Monsun in Indien: Dutzende tot

9. August 2019, 13:46 Uhr
Ein Mann watet durch eine überflutete Strasse in der Stadt Kochi im Bundesstaat Kerala.
Ein Mann watet durch eine überflutete Strasse in der Stadt Kochi im Bundesstaat Kerala.
© Keystone/EPA/PRAKASH ELAMAKKARA
Heftiger Monsun-Regen hat in Südindien mehr als 60 Menschen das Leben gekostet. Sie ertranken in überfluteten Gebieten, wurden von Wassermassen mitgerissen oder unter Trümmern einstürzender Gebäude begraben.

Das berichteten Katastrophenschutzmitarbeiter in den betroffenen Bundesstaaten Kerala, Maharashtra und Karnataka am Freitag der Deutschen Presse-Agentur.
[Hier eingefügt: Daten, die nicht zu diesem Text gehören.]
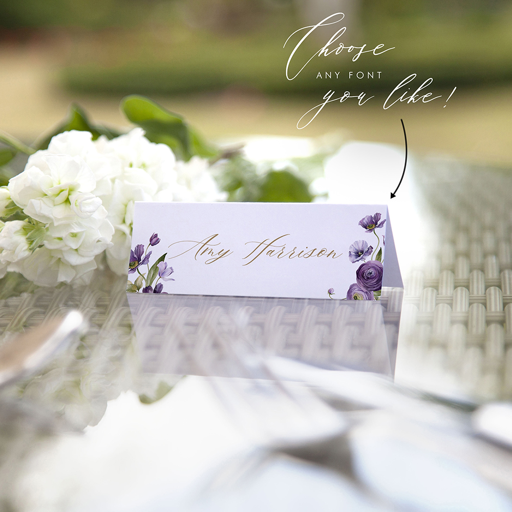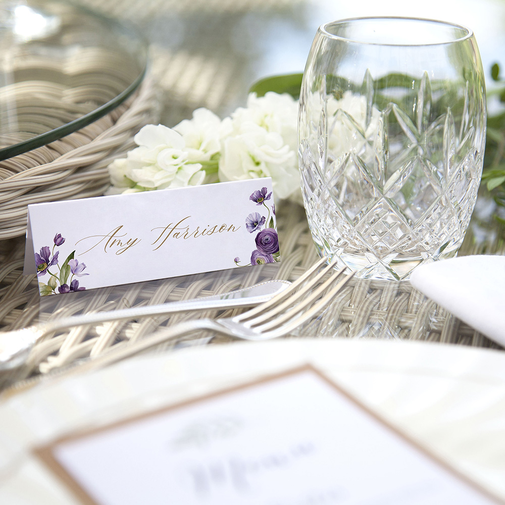Make sure your big day runs smoothly by organising your reception tables with our unique wedding place cards. To ensure a perfect match with the rest of your stationery, you can also customise and tweak any element of our bespoke name cards, from the font to the design. Purchase 20 or more for best pricing.

Auch der internationale Flughafen Kochi im Bundesstaat Kerala ist überflutet und soll bis Sonntagnachmittag (Ortszeit) geschlossen bleiben, hiess es auf der Internetseite des Airports.

Zudem sollen Schulen in ganzen Bundesstaat Kerala mit seinen mehr als 30 Millionen Einwohnern am Freitag geschlossen bleiben, schrieben lokale Medien. Zehntausende Menschen mussten in den vergangenen Tagen vor den Fluten fliehen.

Die Monsunzeit dauert in Südasien gewöhnlich bis September. Zwar ist der Regen für die Landwirtschaft lebenswichtig - er richtet aber auch immer wieder grossen Schaden an. Jedes Jahr kommen dabei Hunderte Menschen ums Leben.